## [EXERCISE DIRECTIONS]
If a line below falls between the line with "日本三大美林の一つである木曽" and the line with "2. 硬核成本支撑: 当前", or is one of those two, output it exactly; output nothing else and no pictures.

## [MATERIAL TO PROCESS]
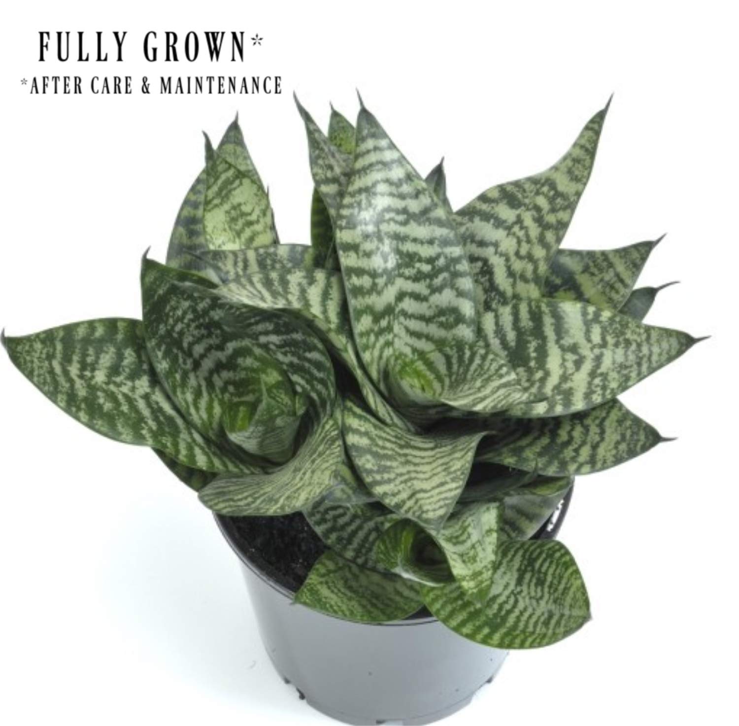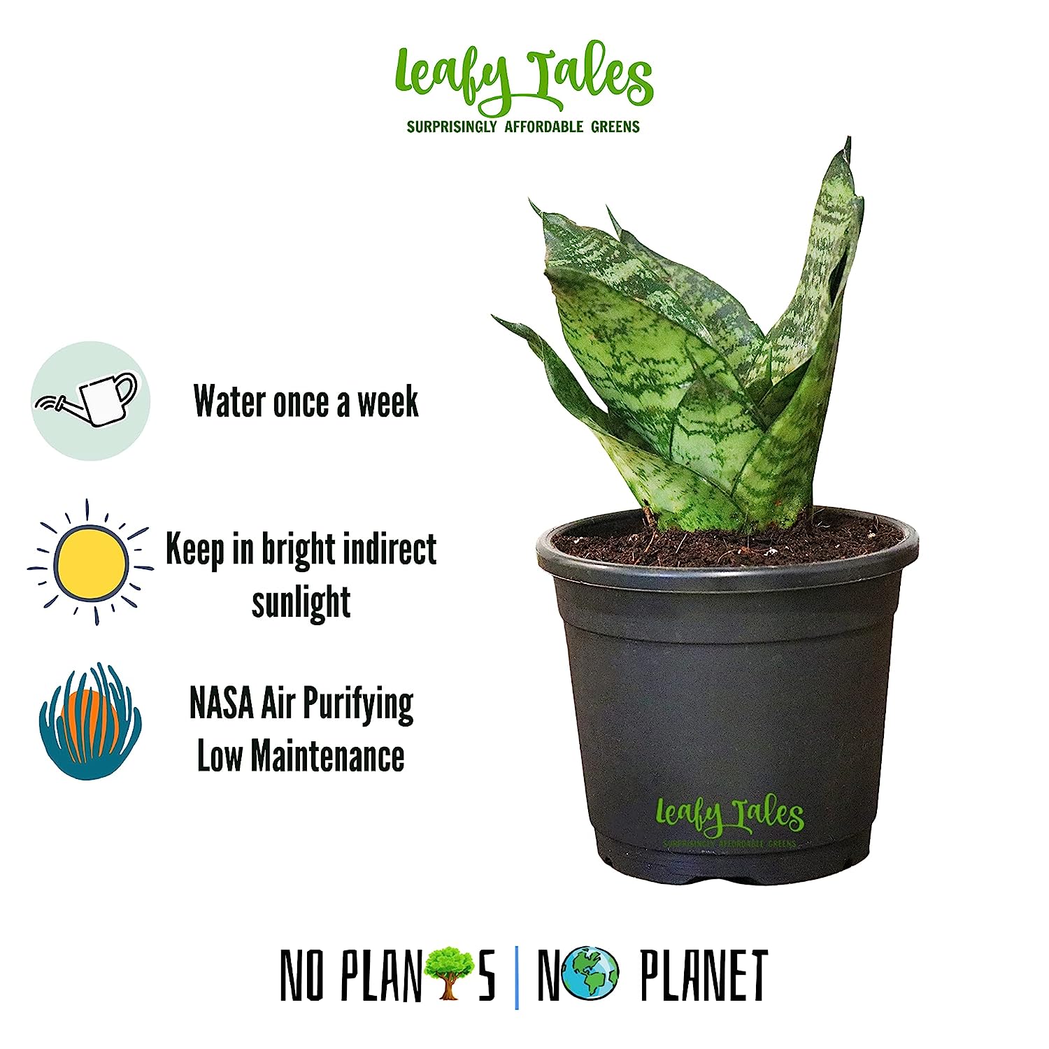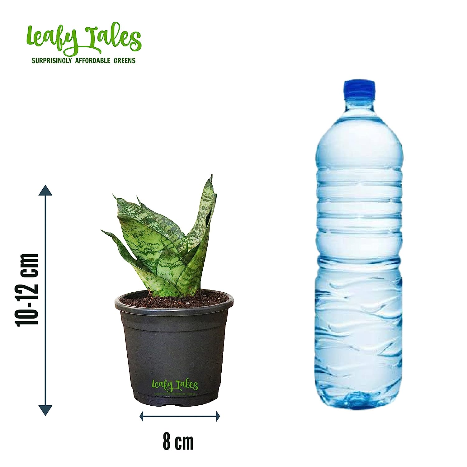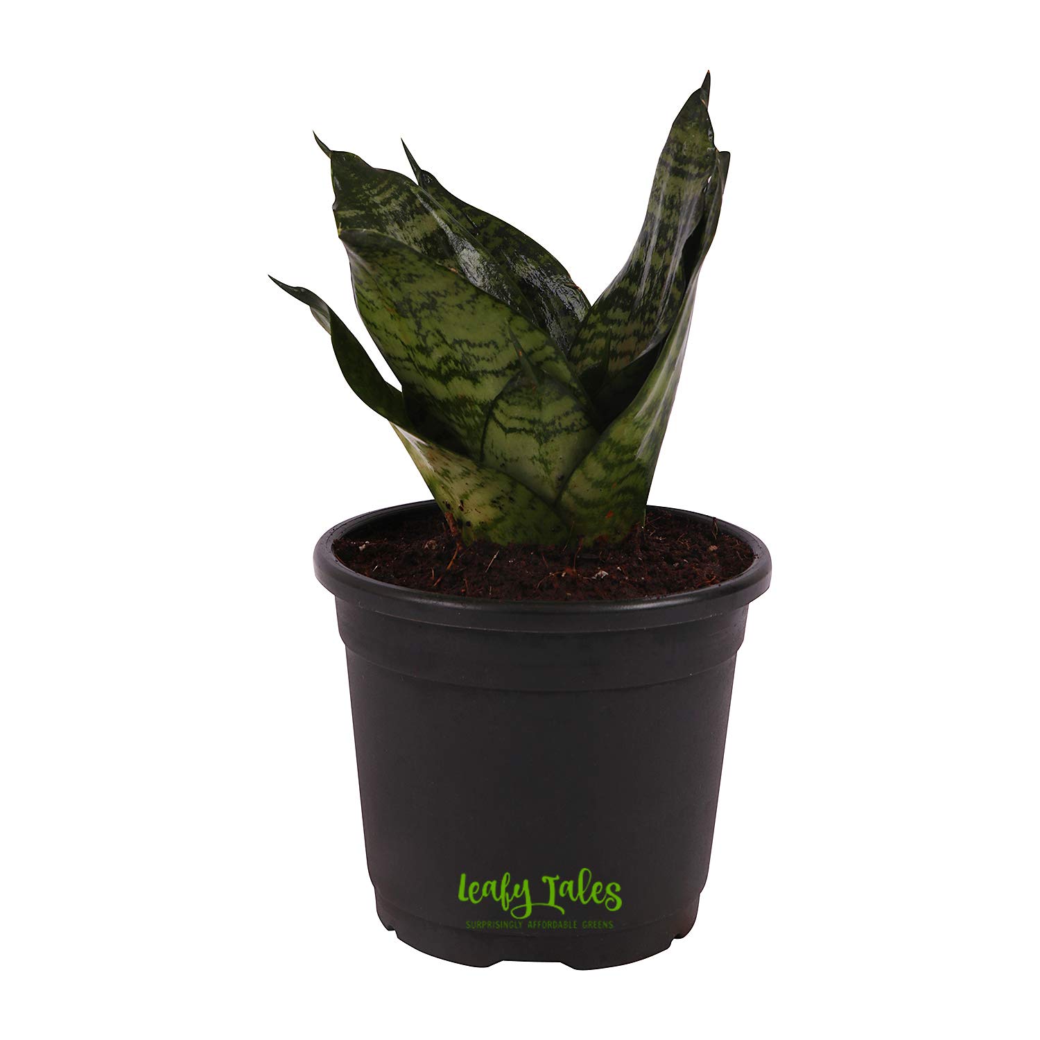 Leafy Tales Sansevieria Green Live Plant in Black Plastic Pot (Snake Plant) | NASA Indoor Plant (Model: Snake Small+BlackPlastic Pot)
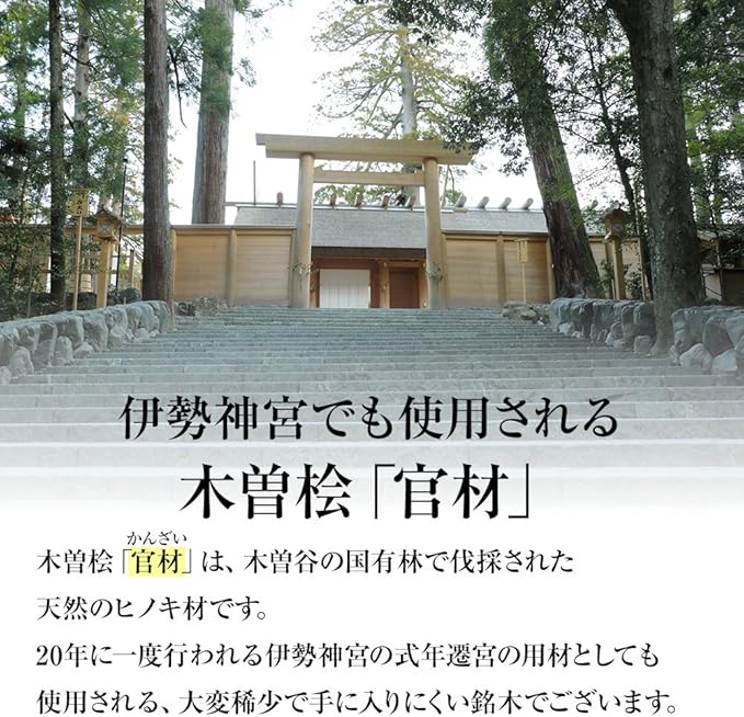 日本三大美林の一つである木曽桧「官材(かんざい)」に、「光明真言(こうみょうしんごん)」を彫り込んだ腕輪念珠(ブレスレット)です。木曽桧「官材」は、伊勢神宮の式年遷宮の用材としても使用される、国有林で伐採された天然のヒノキ材です。清潔感のある上品な木目と滑らかな手触りが特徴で、使い込むほどに深い質感のある色艶に変化していきます。
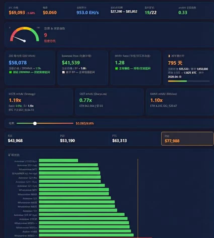 2. 硬核成本支撑: 当前 S19 XP 等主流矿机的关机价区间在 $55,172 - $61,657。
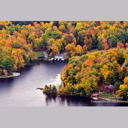 For whatever reason the human brain reacts more strongly to the color red than most other colors. The little red home on the right edge of this photo sticks out like a sore thumb in this very colorful aerial photograph that features the "narrows" of Hamlin Lake.
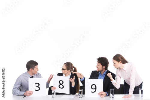 © BlueSkyImages, Obraz premium heated teamwork and discussion in group of four.
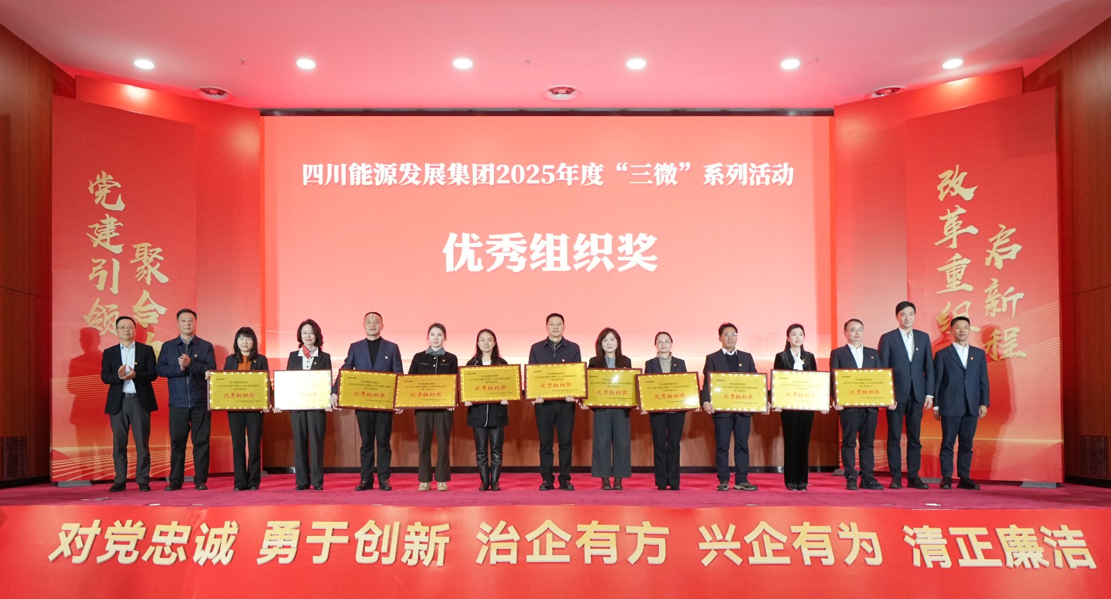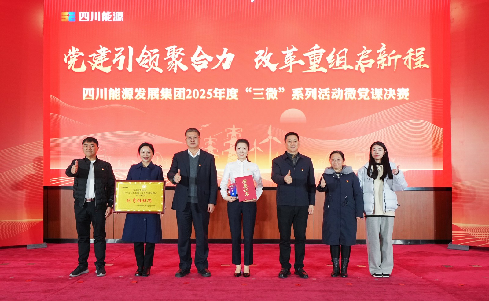 1月22日,四川能源發(fā)展集團(tuán)“黨建引領(lǐng)聚合力?改革重組啟新程”2025年度“三微”系列活動(dòng)微黨課決賽,在集團(tuán)總部圓滿落幕。川投能源基層理論宣講“睿聲工作室”骨干成員,川投電力公司黨群工作部趙夢(mèng)婷講授的微黨課《追光之路》,憑借深厚的情感、生動(dòng)的敘事和鮮明的主題,以全場(chǎng)最高分?jǐn)孬@一等獎(jiǎng)。此外,川投能源還包攬了本次微黨課決賽的優(yōu)秀組織獎(jiǎng)。集團(tuán)公司黨委副書(shū)記、副董事長(zhǎng)、總經(jīng)理鄧超為獲得一等獎(jiǎng)的主講人頒獎(jiǎng),川投能源黨委書(shū)記、董事長(zhǎng)劉勝金,黨委副書(shū)記、職工董事、工會(huì)主席冉蘭平現(xiàn)場(chǎng)觀看微黨課決賽。
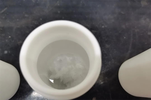 在恒溫220℃馬弗爐中消解1小時;取出冷卻后擰開蓋子,在實(shí)驗電熱板中蒸至近干,約2mL,用5mL硝酸和少量水分清洗消解罐,出現(xiàn)白色結(jié)晶物,再加入5mL硝酸于220℃電熱板消解15min,蒸至體積小于20mL;
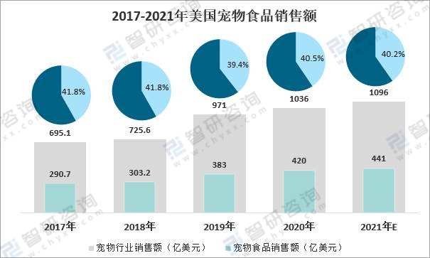 2017-2021年美國(guó)寵物食品銷售額
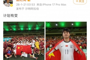 赛后为U23国足首发出战的蒯纪闻更新社媒,晒出赛后全队合影以及自己身披国旗的照片,并配文写道:“计划有变”。

## [TASK SOLUTION]
 日本三大美林の一つである木曽桧「官材(かんざい)」に、「光明真言(こうみょうしんごん)」を彫り込んだ腕輪念珠(ブレスレット)です。木曽桧「官材」は、伊勢神宮の式年遷宮の用材としても使用される、国有林で伐採された天然のヒノキ材です。清潔感のある上品な木目と滑らかな手触りが特徴で、使い込むほどに深い質感のある色艶に変化していきます。
 2. 硬核成本支撑: 当前 S19 XP 等主流矿机的关机价区间在 $55,172 - $61,657。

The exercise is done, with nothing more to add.